• [Requirement]: Only the lines from the start of the data through the line containing "No tassels. Thick" should be written out, exactly as they are, with both ends included and the pictures left out.

Data entries:
____
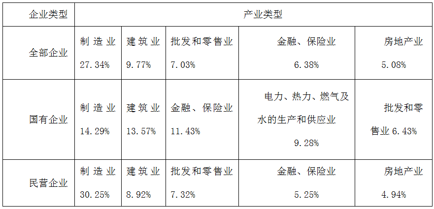 在涉案企业的产业类型方面,制造业、建筑业和金融、保险业是国有企业和民营企业涉案的共同高发产业领域。同时,在电力、热力、燃气及水的生产和供应业中,国有企业涉案较多;而民营企业还较多的集中于批发和零售业、房地产业。与2014年的统计结论不同之处在于房地产业、交通运输仓储业和邮政业、信息传输计算机服务和软件业不再是国有企业的高发产业领域。
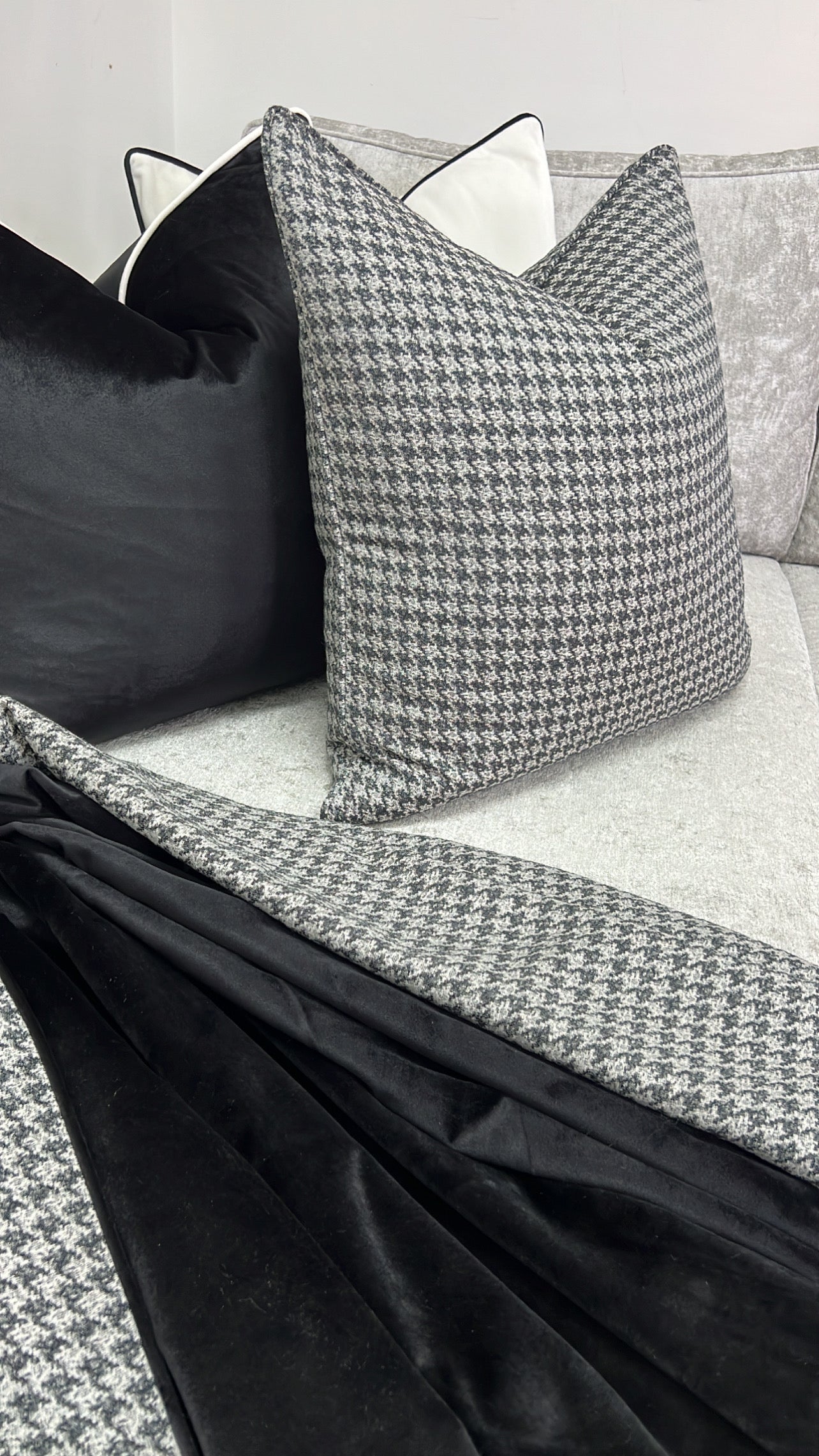 No tassels. Thick throw has black Velvet on other side can be used double sided .
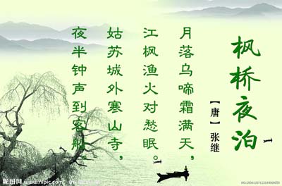 第二句,“江枫渔火对愁眠”。由感觉世界到诗人情绪世界的转变。是诗的第一个起伏。江上渔火点点,岸边枫叶正红。但是面对世事无常和生活的艰辛,孤独的旅人和辛勤的渔人在这漫漫寒霜的秋夜,只能对愁而眠。如果说前两句是写的诗人的感觉世界和情绪世界,那么,后两句则上升到理性世界。这是全诗的最大起伏处。诗的前幅密度极大,十四个字写了六种景象。后幅却特别疏朗,两句只写了一件事:卧闻山寺钟声。但却实现了从感觉世界向理性世界的飞跃,给人无限遐想的空间。
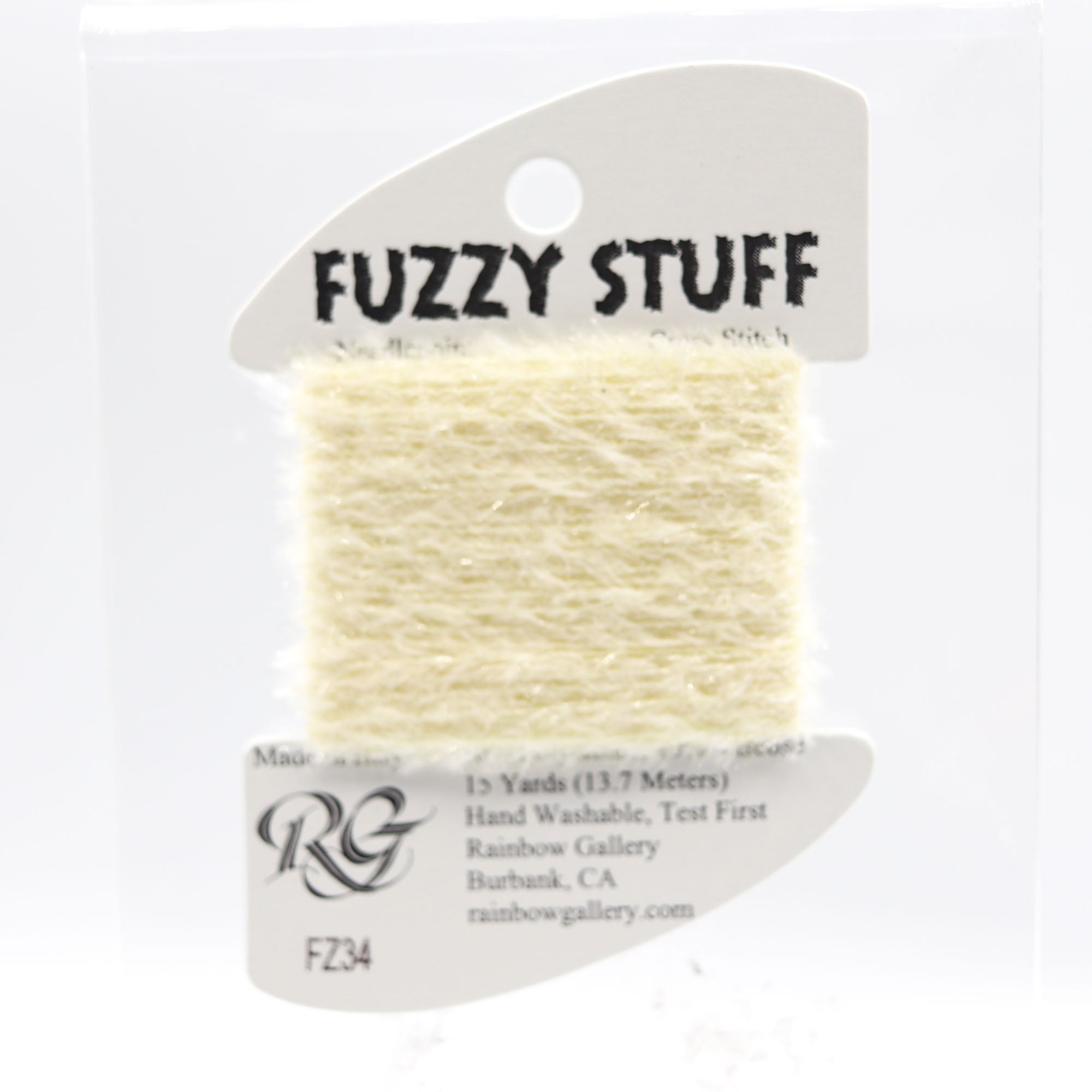 This is Fuzzy Stuff from Rainbow Gallery in color 34 Pale Yellow. A fuzzy thread with gentle sparkle, perfect for beards and fur. 2 ply on 13 mesh, 1 ply on 18 mesh.
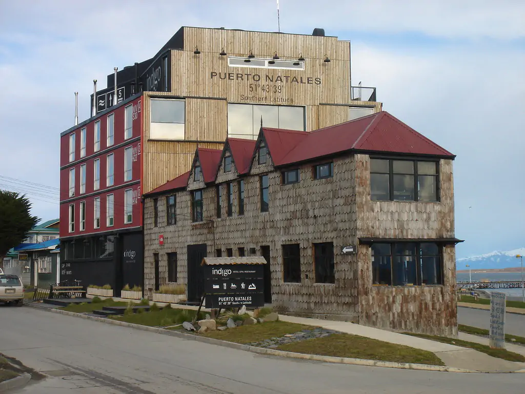 Seis niveles, 41 habitaciones y un Spa en el último piso. El hotel NOI Indigo Patagonia se ubica frente al mar en Puerto Natales. Diseñado por el arquitecto Sebastián Irarrázabal, cuenta con una fachada de aspecto industrial pesquero, de planchas de fierro pintadas y de madera impregnada en sus costados, manteniendo así la estética de la arquitectura propia del seno de Nueva Esperanza.
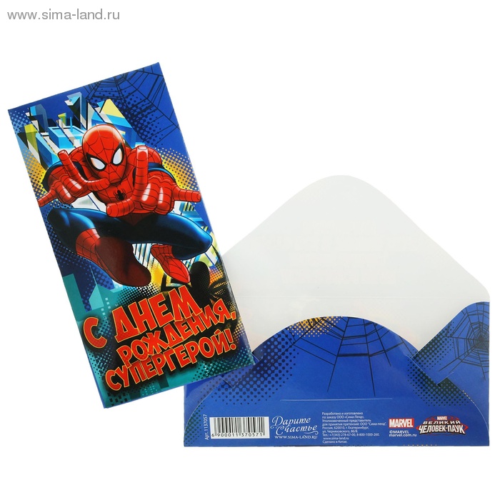1137057 Конверт-открытка для денег "С Днем рождения! Человек паук"
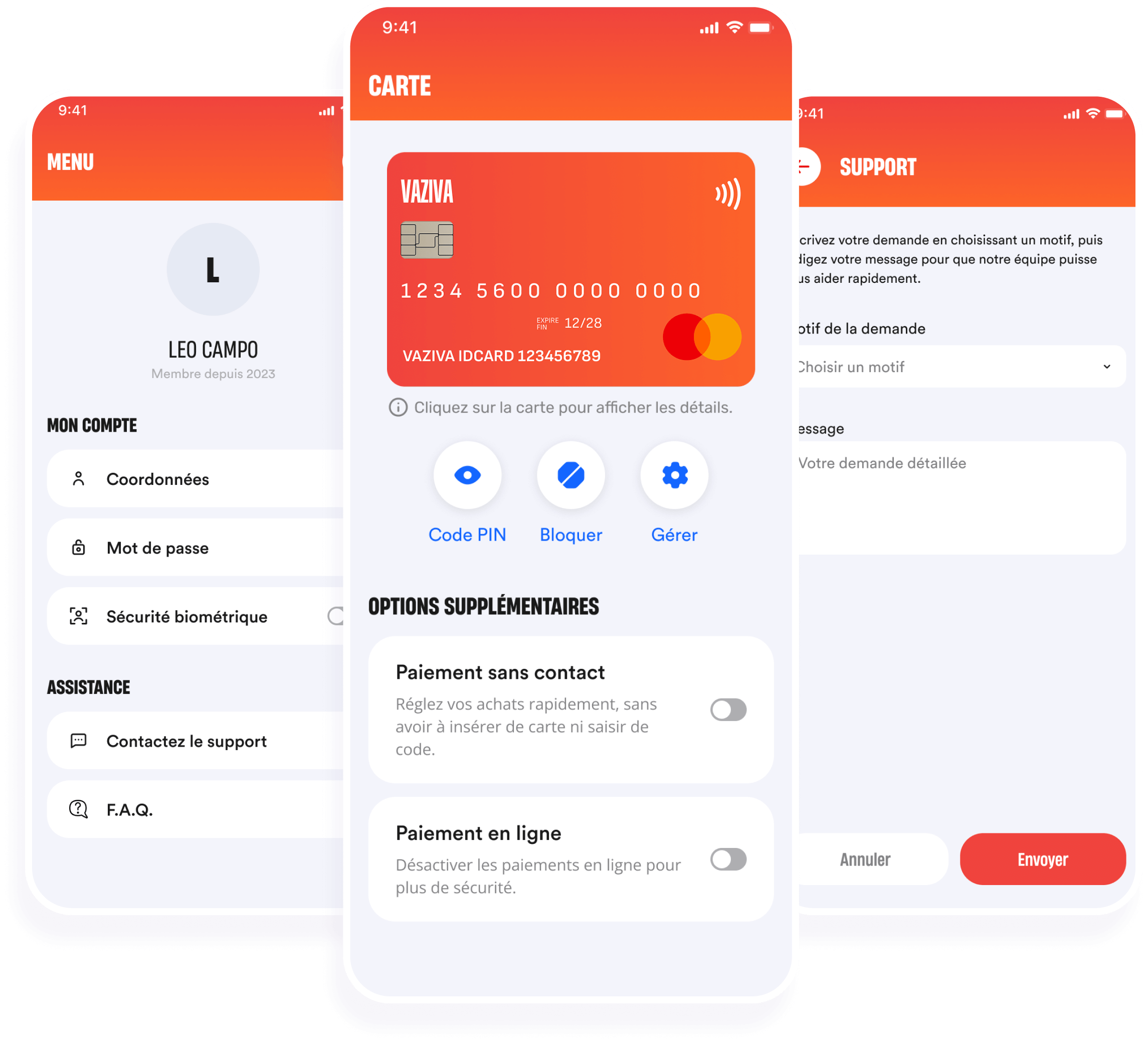 L’application permet de gérer facilement sa carte bancaire: blocage ou déblocage instantané, consultation du code PIN et activation du paiement sans contact. L’utilisateur accède à son profil pour modifier ses coordonnées et personnaliser la sécurité, notamment via la biométrie.
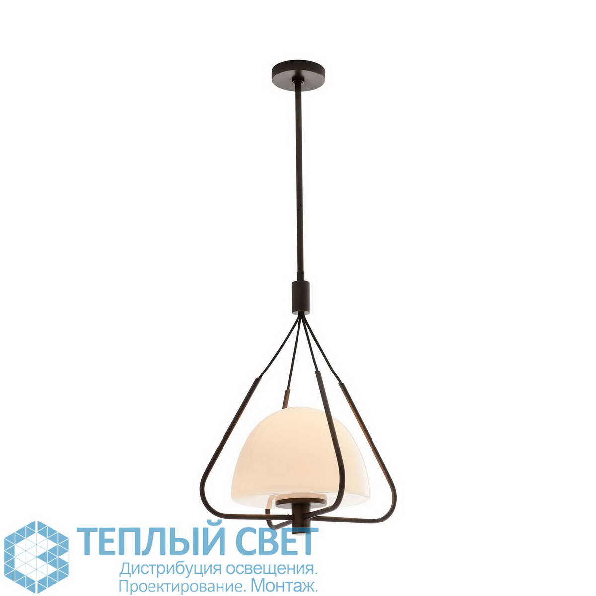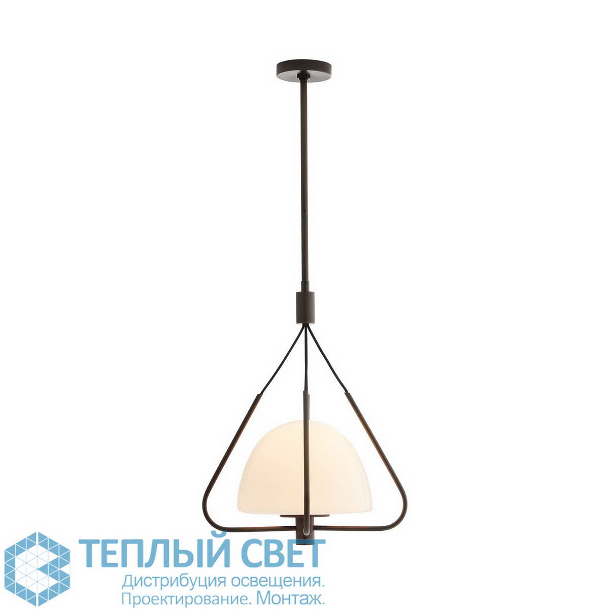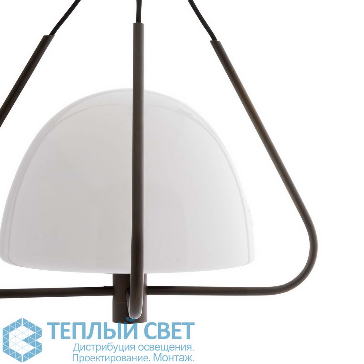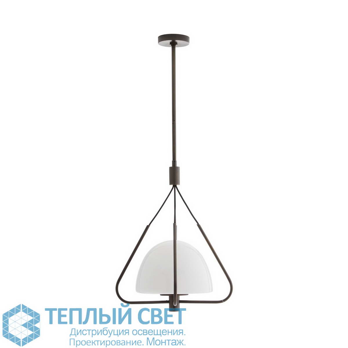 подвесной светильник с треугольной рамой и шарообразным стеклянным плафоном
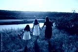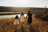 Beautiful family walking on the beach of river. Mom, two sisters and son enjoying leisure time in summer, talking, having fun together.
____
• [Solution to the problem]:
 在涉案企业的产业类型方面,制造业、建筑业和金融、保险业是国有企业和民营企业涉案的共同高发产业领域。同时,在电力、热力、燃气及水的生产和供应业中,国有企业涉案较多;而民营企业还较多的集中于批发和零售业、房地产业。与2014年的统计结论不同之处在于房地产业、交通运输仓储业和邮政业、信息传输计算机服务和软件业不再是国有企业的高发产业领域。
 No tassels. Thick throw has black Velvet on other side can be used double sided .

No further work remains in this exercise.